Predictable factors for HNB

To investigate the factors that can predict HNB, multivariable analysis was performed (Supplementary Table 1). Interestingly, positive axilla on MRI showed marginal significance for predicting HNB (adjusted OR, 2.7; P = 0.059), following after lymphovascular invasion (adjusted OR 3.4; P = 0.023).

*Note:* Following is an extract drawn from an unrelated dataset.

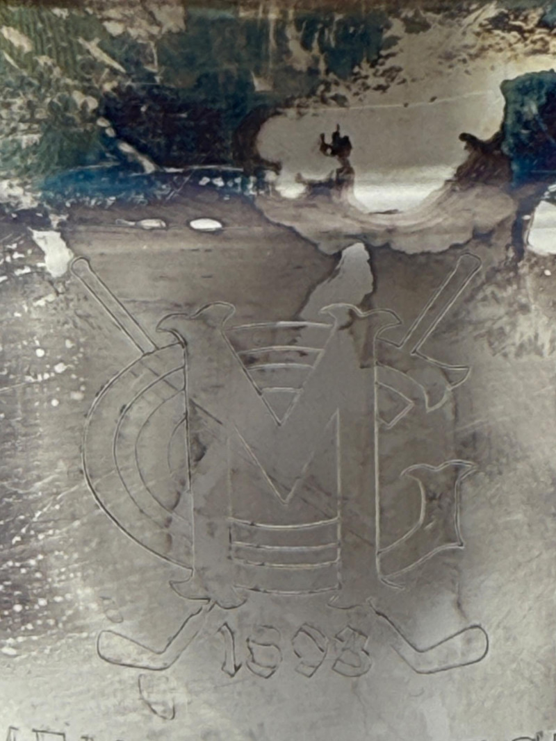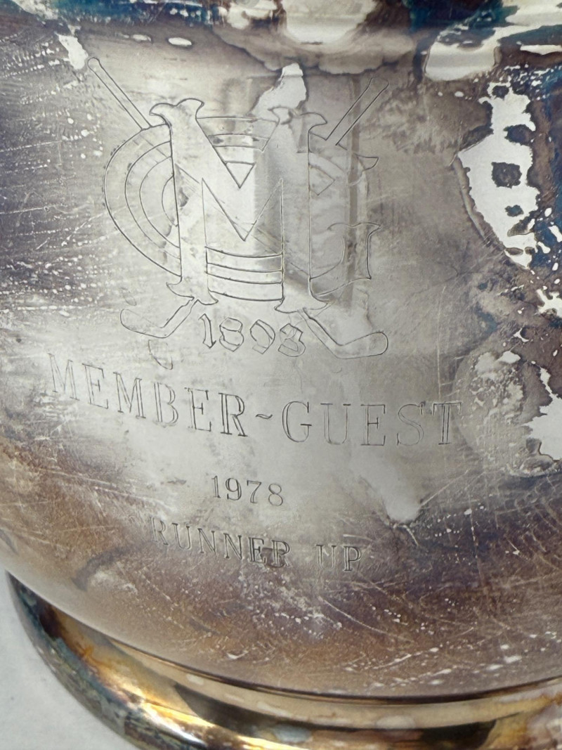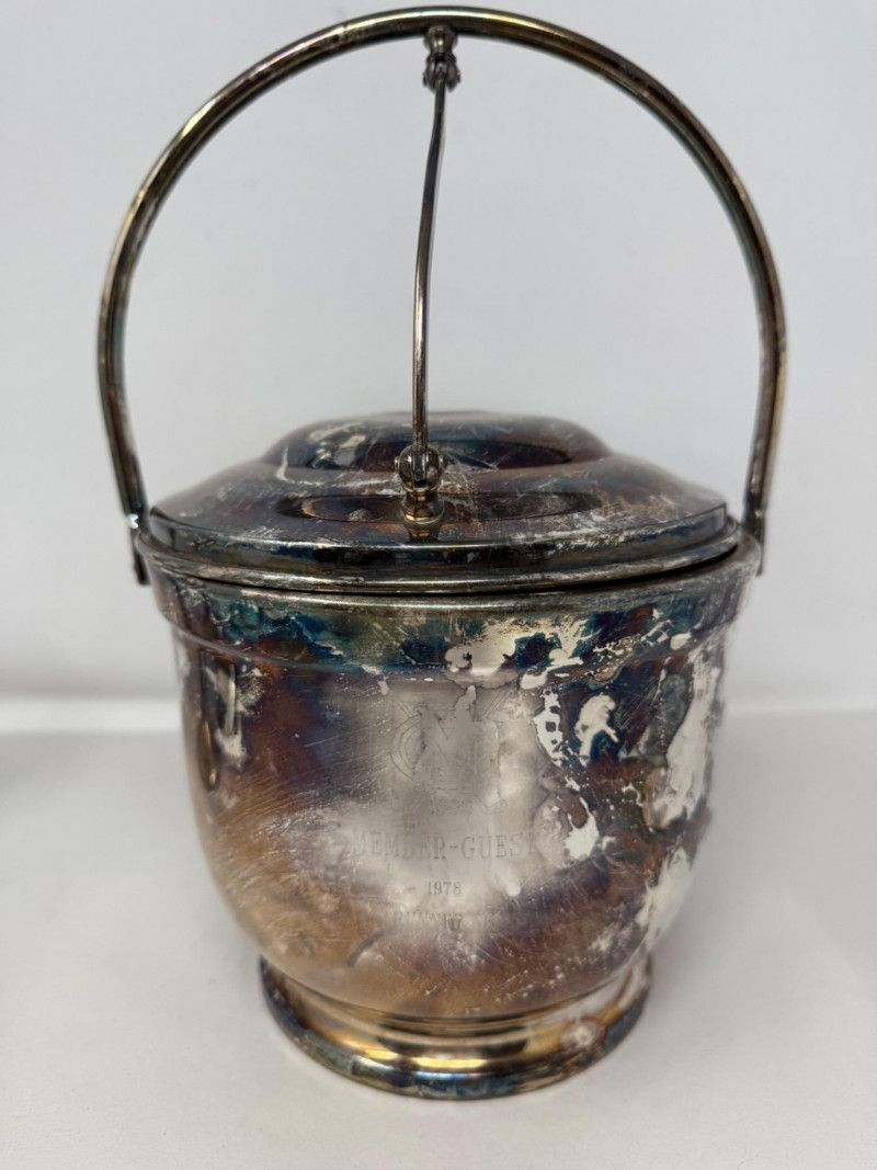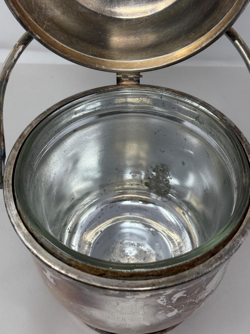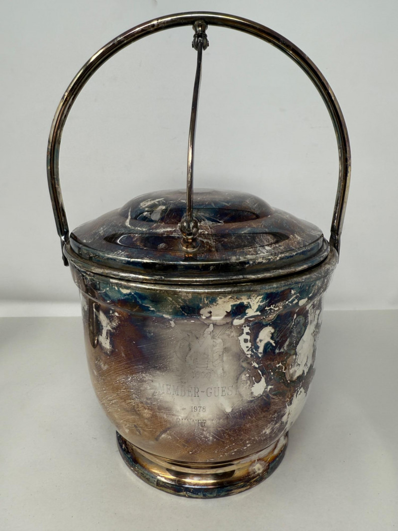 Engraved with MG 1803 Member-Guest 1978 Runner Up. When handle is moved, the lid opens for one hand ice grabbing.

Diagnostic performance of breast MRI

FNR of breast MRI were 16.3% (60 of 367 patients) within development set and 13.4% (64 of 476 patients) within validation set. For predicting additional LN metastasis in patients with negative AUS, the NPVs of breast MRI in both development and validation sets were high (83.6% [307/367] and 86.5% [412/476]) while PPVs were low (60.0% [21/35] and 58.5% [41/70]). The sensitivities were low (25.9% [21/81] and 39.0% [41/105]), whereas the specificities were high (95.6% [307/321] and 93.4% [412/441]) (Table 2).

Table 2

Diagnostic performance of breast MRI in patients with negative axillary ultrasound finding

Variables	Development set from Korea University Anam Hospital (n = 402)	Validation set from Korea University Guro Hospital (n = 546)
Sensitivity	25.9% (21/81)	39.0% (41/105)
Specificity	95.6% (307/321)	93.4% (412/441)
Positive predictive value	60.0% (21/35)	58.5% (41/70)
Negative predictive value	83.6% (307/367)	86.5% (412/476)
False negative result	16.3% (60/367)	13.4% (64/476)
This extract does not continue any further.